Go through the records below from the first line and print each one exactly, stopping after the line that contains "This Tag Heuer Aquaracer". Do not print pictures or anything past that line.

EXERCISE DATA Block Start

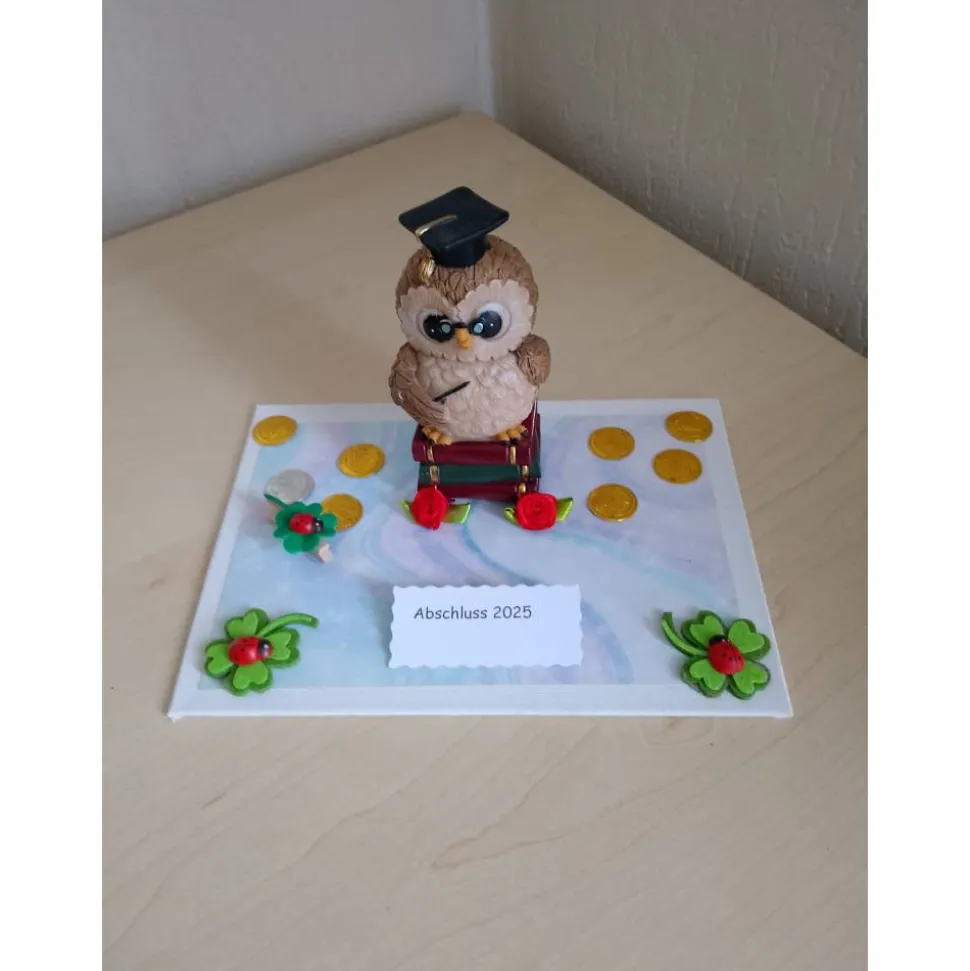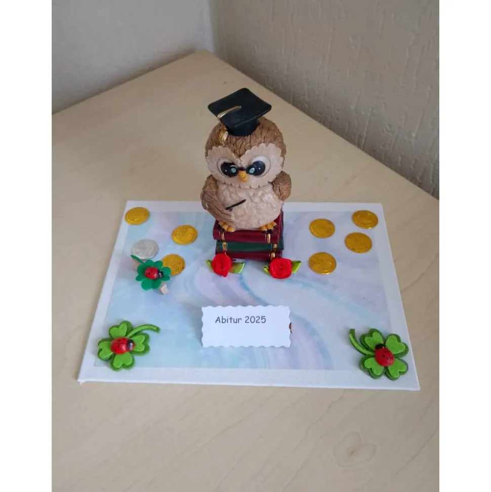 Verschenke ein besonderes Geldgeschenk zum Schulabschluss oder Abitur: Die Eule mit Doktorhut steht als Symbol für Weisheit und Erfolg. Der Malkarton dient als stilvolle Unterlage für die Eule sowie die liebevoll zusammengestellte Deko mit Geldklammer und Glücksklee. Der Geldschein kann einfach an der dekorativen Klammer befestigt werden – perfekt ergänzt durch aufgeklebte „Taler“ als optisches Highlight.
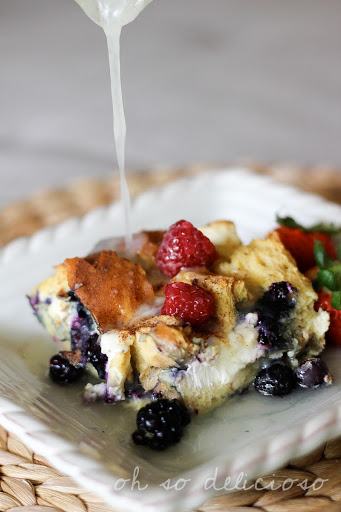In a large bowel combine eggs, syrup, and milk; whisk to blend. Pour evenly over bread mixture.
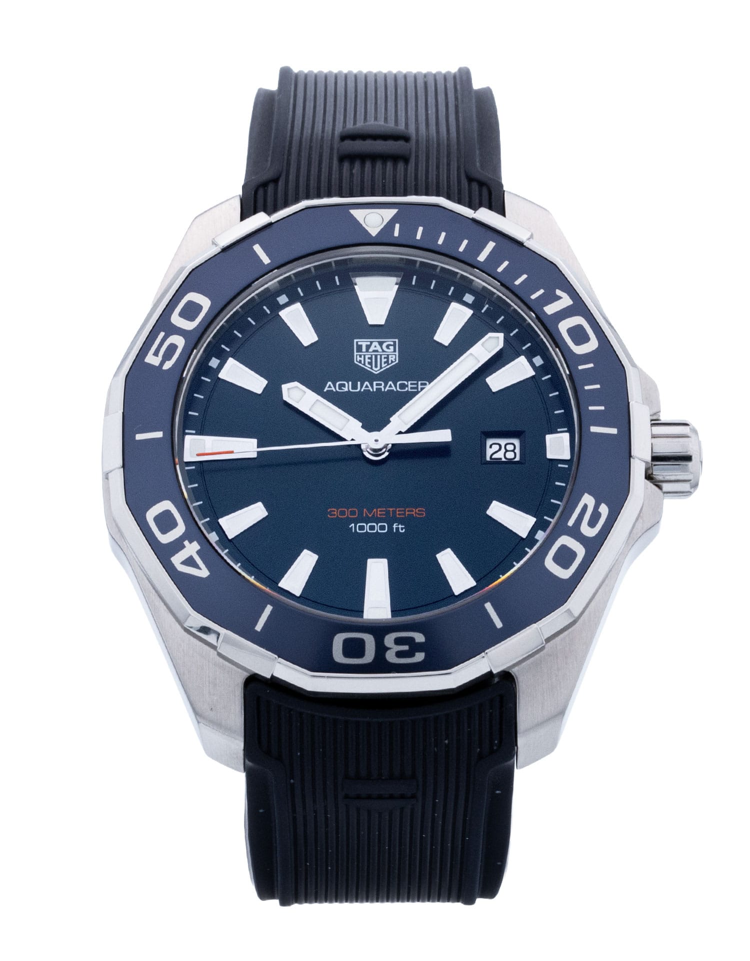 This Tag Heuer Aquaracer WAY101C.FT6153 has a blue baton dial and a rubber strap. This Tag Heuer has undergone a thorough inspection of accuracy, functionality and condition at our Tag Heuer certified service centre to determine the level of reconditioning required to meet our strict standards. It has also been checked against our records to ensure authenticity. All our watches have a 24-month warranty for your peace of mind.
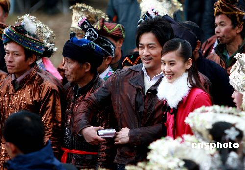 1月7日,在广西融水苗族自治县四荣乡田头苗寨,知名艺人黄圣依、苏有朋在拍戏中。近日,《寻找刘三姐》电影剧组来到广西融水县田头苗寨拍摄外景戏,黄圣依和苏有亦现身大苗山,出演剧中主要人物。据了解,电影《寻找刘三姐》由广西电影制片厂等单位联合出品,由黄圣依、苏有朋主演。中新社发 龙涛 摄
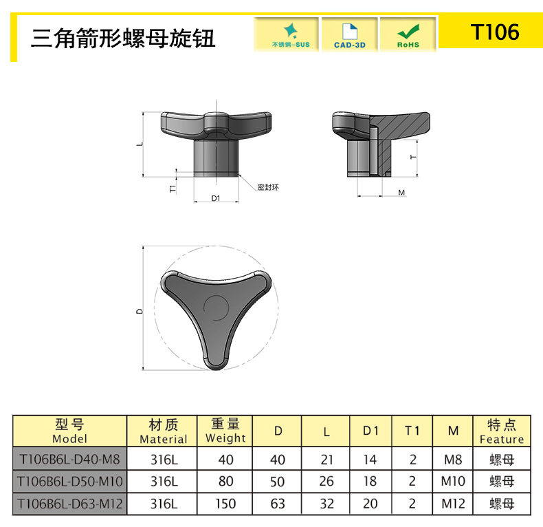 三角箭形螺母旋鈕
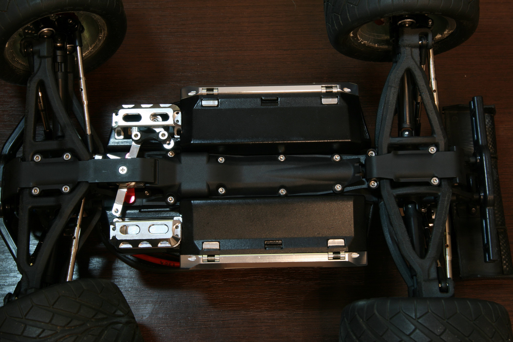 Вчера сынишка покатал минут 20 и снова затрещал задний дифф. Еще не разбирал, но появились подозрения. Чтобы диф был по жестче (много по гравию катаю и по большим камешкам) залил масло густое (100К) 30 и 50 пробовал, на больших камнях тяжело, колеса на оси легко проскальзывают (одно крутится, второе стоит). После того как залил 100 кататься стало в кайф. прокручивает только на маленькой скорости, чуть даш газ и второе колесо подхватывает - стал реально везделазом 😃. Но после пары покатушек начал трещать задний дифф. Думал что просто время пришло. Недавно перебрал и новые шестеренки воткнул. И опять пару покатушек и трещит задний дифф. Думается мне что это 100к виновато, слишком большая нагрузка на дифф. Если раньше одно колесо начинало проворачиваться и нагрузка на дифф падала, то сейчас вся нагрузка на внешние шестеренки дифа. Так что 100к это, наверное, перебор 😦. Как время появится - разбиру и посмотрю что там, но думаю ничего оптимистичного там не увижу… Придется менять шестеренки и заливать 30К, а жаль.
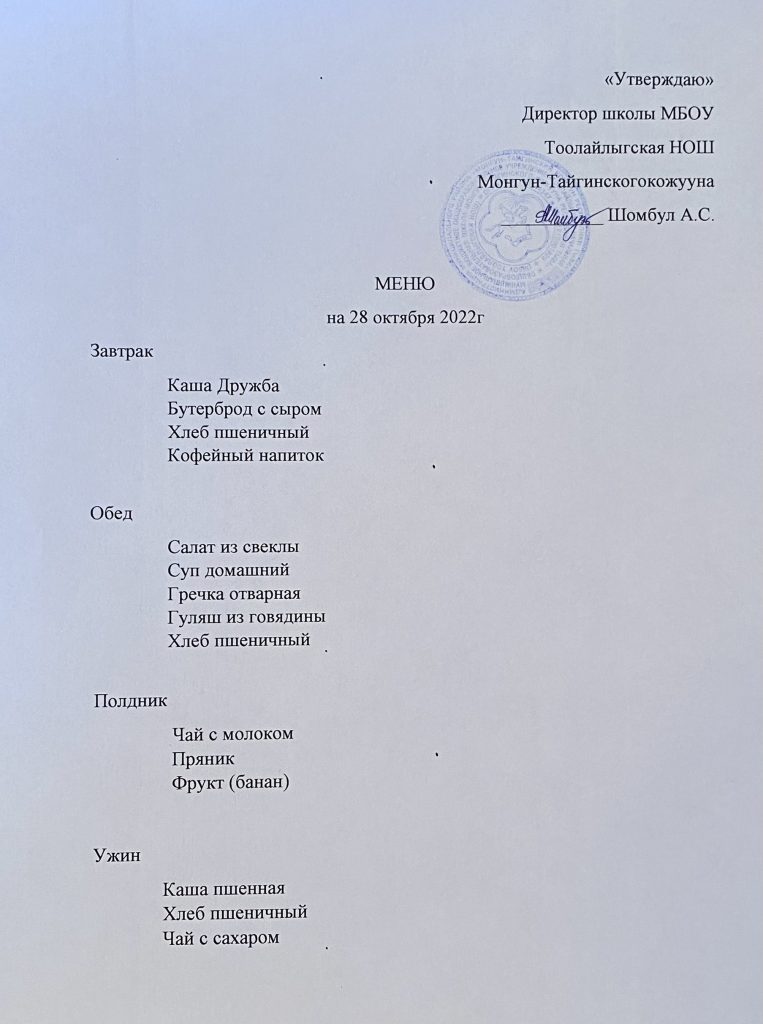 Меню 28.10.2022г
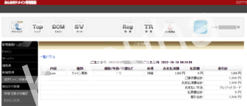 新ドメイン取得に先立って、他にも期限が迫ったプライベート運用中のドメインが1つあるため、先にこれの更新処理を行った。管理画面からカード決済で1年分の更新料を支払った。
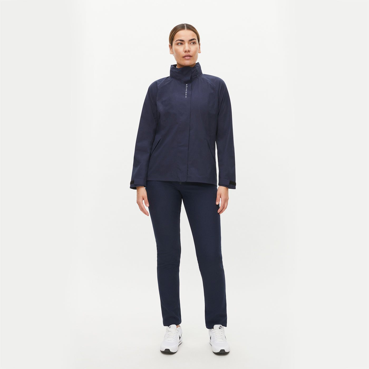 Storm rain jacket, a rain jacket with taped seams and zips for golfing in wet conditions. The rain jacket is windproof and has a waterproof rating of 10,000 water column/millimetres. The 2-way stretch offers great mobility and allows you to swing your club freely. The fabric has high breathability, which allows you to keep your tempo up. Mesh lining provides efficient moisture wicking and a comfortable feel against the skin. The jacket has a concealed hood in the collar, perfect for pulling out in when the wind and rain pick up. Suitable for anyone looking for a flexible rain jacket for both on and off the golf course. Free from fluorocarbons and has a biodegradable membrane. Comes in many colours.

EXERCISE DATA Block End

WRITTEN REPLY
 Verschenke ein besonderes Geldgeschenk zum Schulabschluss oder Abitur: Die Eule mit Doktorhut steht als Symbol für Weisheit und Erfolg. Der Malkarton dient als stilvolle Unterlage für die Eule sowie die liebevoll zusammengestellte Deko mit Geldklammer und Glücksklee. Der Geldschein kann einfach an der dekorativen Klammer befestigt werden – perfekt ergänzt durch aufgeklebte „Taler“ als optisches Highlight.
In a large bowel combine eggs, syrup, and milk; whisk to blend. Pour evenly over bread mixture.
 This Tag Heuer Aquaracer WAY101C.FT6153 has a blue baton dial and a rubber strap. This Tag Heuer has undergone a thorough inspection of accuracy, functionality and condition at our Tag Heuer certified service centre to determine the level of reconditioning required to meet our strict standards. It has also been checked against our records to ensure authenticity. All our watches have a 24-month warranty for your peace of mind.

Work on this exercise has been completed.